Let Her Cry
Crying evolved as a signal. A misty and salty droplet speaking of dust, sadness, or joy. Tears lubricate, cleanse and release. Some tears travel to the nose, protecting it and providing hydration. Other tears are filled with stress hormones, stimulating our endorphins when they leave the eyes. When sociologists study people groups, often it is the vulnerable aspects of a culture group that slowly disappear, as evolution favors durability. But tears are valuable for survival, and so, crying remains for communication between humans. What keeps us from accepting our tears, instead of apologizing for them?
I never liked crying. Except once, when I was little and I amused myself by crying in a mirror. All the scrunching movements of my face and the wailing noises from my throat entertained me until my mom came rushing to see what was wrong. Anger and yelling are more my jam. They are easily accessible and more acceptable socially than tears and sadness. This past fall, I took a sabbatical from pastoring. I had a large mission of all that I was going to accomplish, but mostly spent the time walking or biking in the woods, and crying. I cried in the woods, in my online therapy sessions, while folding laundry, in the middle of conversations. I cried. Sometimes I felt relief, but most of the time I was angry at myself for crying, chiding myself with phrases like, “Good grief! Get over it,” or “why are you such a baby!”
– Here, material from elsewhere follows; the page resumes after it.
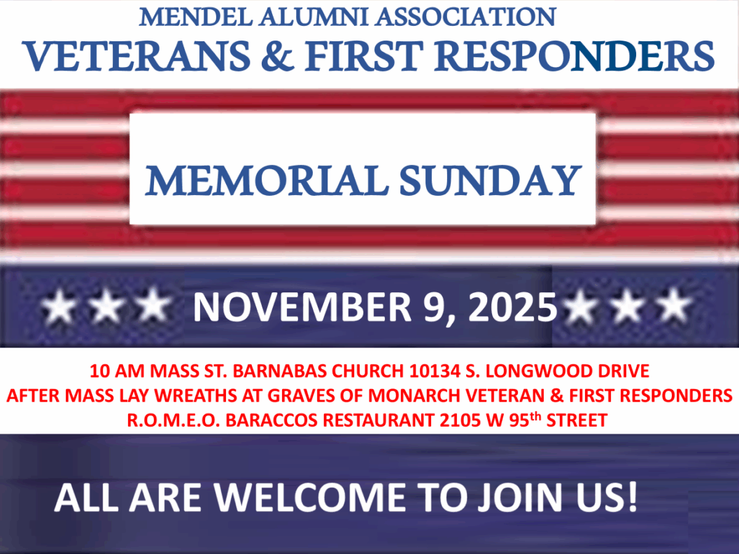 The Mendel Alumni Association Veterans & First Responders Committee invites all Monarchs, families, and friends to a special Memorial Sunday on November 9, 2025. Together we’ll honor the service and sacrifice of our veterans and first responders with Mass, wreath-layings at local graves, and fellowship afterward. All are welcome. Schedule 10:00 AM – Memorial MassSt. Barnabas Church — 10134 S. …

As someone who prides herself on duty and dignity, this was unacceptable and completely unavoidable. Grief had tapped me deep and those tears needed release. How could this annoying activity of crying be avoided? I didn’t know. I’d bike harder, or hike faster. Still tears. As your pastor, I’d love to tell you that I had some Moses moment, where God appeared in the trail dust all flowy and glorious reminding me of my valuable mission on earth. But, truthfully, I was running away from God. Deep down, I held some belief that God was uncompassionate to my tears. I believed that my sin and sorrow were keeping me from a Divine connection because I had earned this grief of my own accord. God was there in the dirt if only to confront me with empathy, and restore a broken belief system. God didn’t turn my tears into joy. God didn’t turn my mourning into dancing. My tears fell and compassion grew slow. My tears ran and I learned to sit with them. I stopped apologizing for my vulnerability and turned my face to Kindness.
I had to unlearn that God was spiteful. I had to unlearn that my tears were manipulative. I had to pound the dirt with my feet and my tears, mile after mile, unlearning. For achiever types, I think we end up pounding out more mileage before we finally get the message. Perhaps those who cry learn how to survive.
“It is such a secret place, the land of tears.”